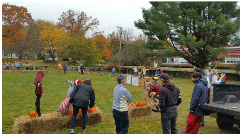
Scarecrow Festival at Bartlett Park
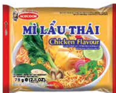
CHICKEN FLAVOUR NetWeight: 78g
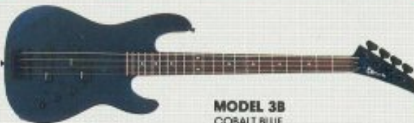
MODEL 3B COBALT BLUE

CONTROL, ROSEWOOD FINGERBOARD W/BOLT-ON NECK, SOLID POPLAR BODY. FINISH OPTIONS: BLACK, RED, PEARL WHITE
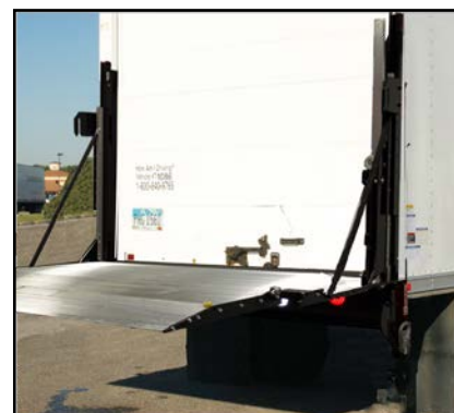
Above-floor, bed height view

Easier handling of wheeled carts, bins, and racks with this level-ride liftgate.
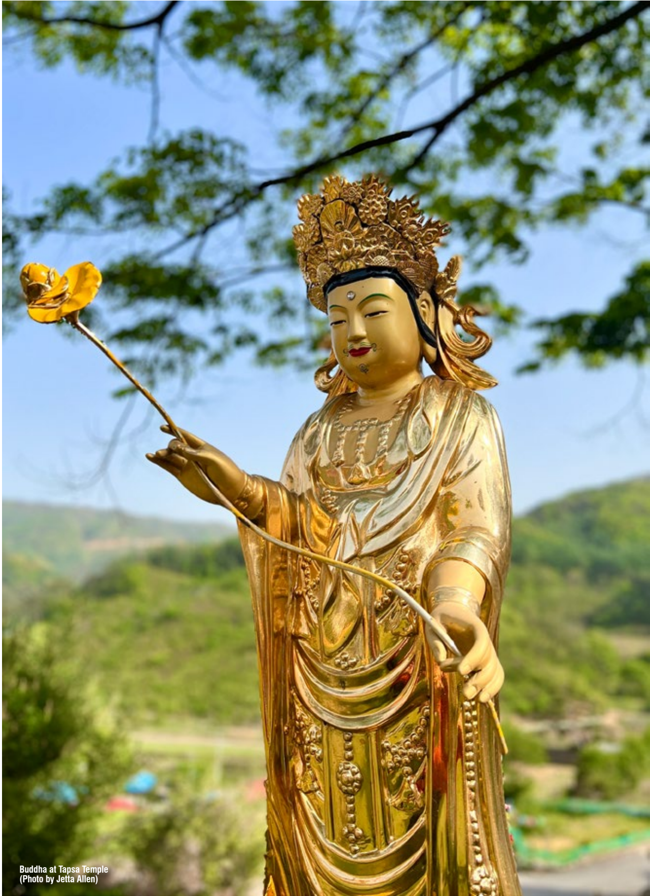
Buddha at Tapsa Temple
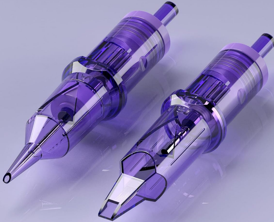
Image: DQFART Tattoo Cartridge Needle Nozzle. This image shows the transparent design of the needle nozzle for clear visibility.

The side of the needle shell is shaped like an arrow Transparent like glass, the needle thread runs clearly and is easy to observe
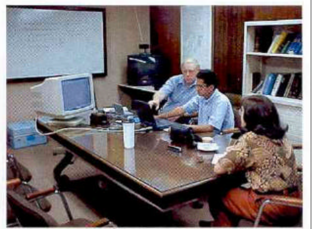
Engineers control PAL-R operation and follow driving from the office.
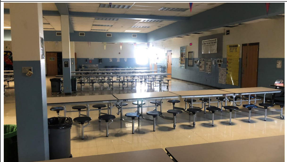
Cafeteria offers no flexibility in seating options and only a few windows allow for natural daylight. Cafeteria is undersized for campus capacity.
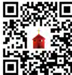
St. Leo Emergency Services Emergency Services
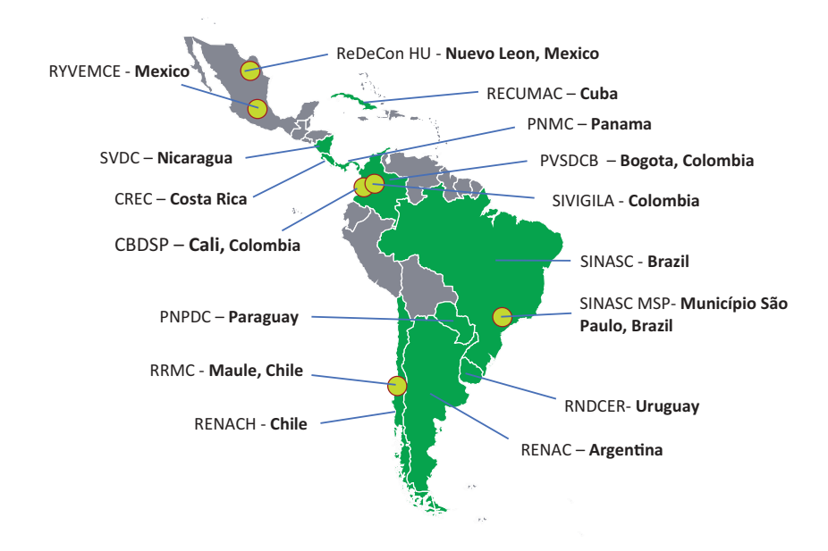
Figure 2. Birth defect surveillance network (RELAMC).
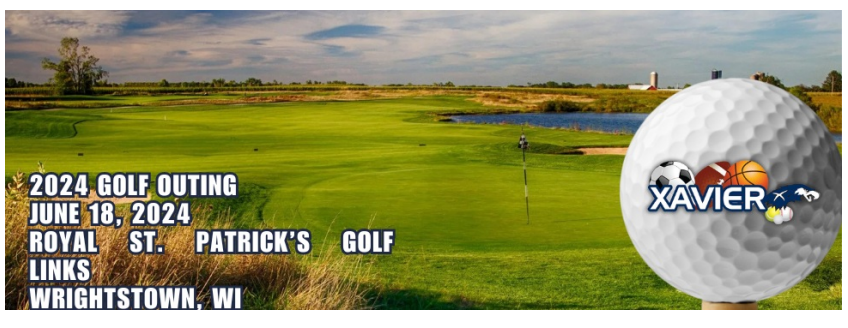
2024 Xavier Booster Club Golf Outing!
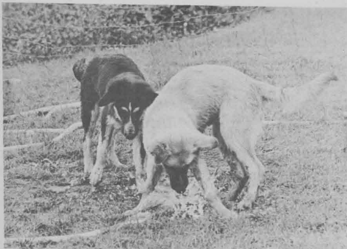
Literally proving the old adage that this school is going to the dogs, two canines attacked leaky hoses earlier this week during the recent warm spell.
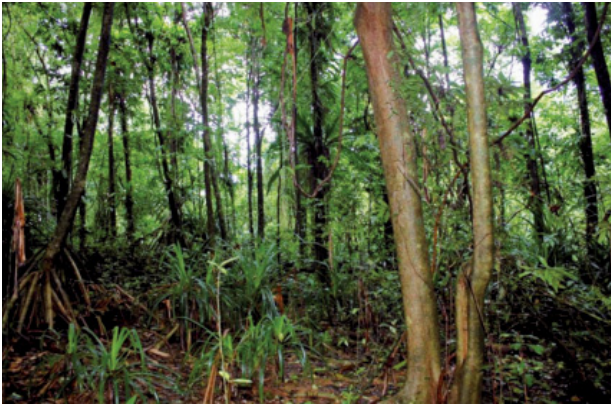
FIGURE 2 Tall closed canopy forest at the capture site.
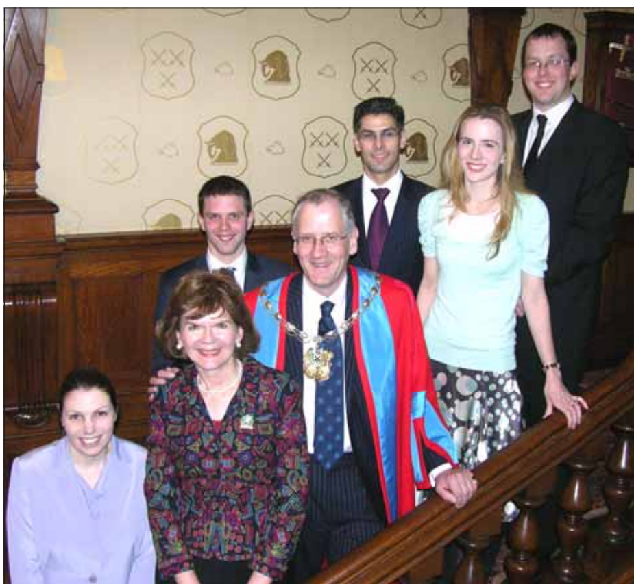
The Master & Mistress Pavior with family members in Cutlers' Hall

He joined Mowlem to work on the National Westminster Tower on the day of the first concrete pour for the raft of the Tower. He went on to design the slipforming methods for the core and then supervised the construction of the tower superstructure. During this time he became a Chartered Engineer. He subsequently wrote a paper for the Institution of Civil Engineers on the slipforming of the Tower for which he was awarded the Telford Medal.
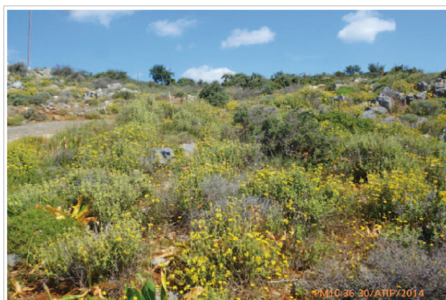
Figure 2: Typical vegetation, Phrygana.

PROBLEM TO SOLVE:
Those lines of the records above that run from the one containing "St. Leo Emergency Services Emergency Services" through the one containing "The Master &" should be returned exactly, with no pictures among them.

TASK ANSWER:
St. Leo Emergency Services Emergency Services
Figure 2. Birth defect surveillance network (RELAMC).
2024 Xavier Booster Club Golf Outing!
Literally proving the old adage that this school is going to the dogs, two canines attacked leaky hoses earlier this week during the recent warm spell.
FIGURE 2 Tall closed canopy forest at the capture site.
The Master & Mistress Pavior with family members in Cutlers' Hall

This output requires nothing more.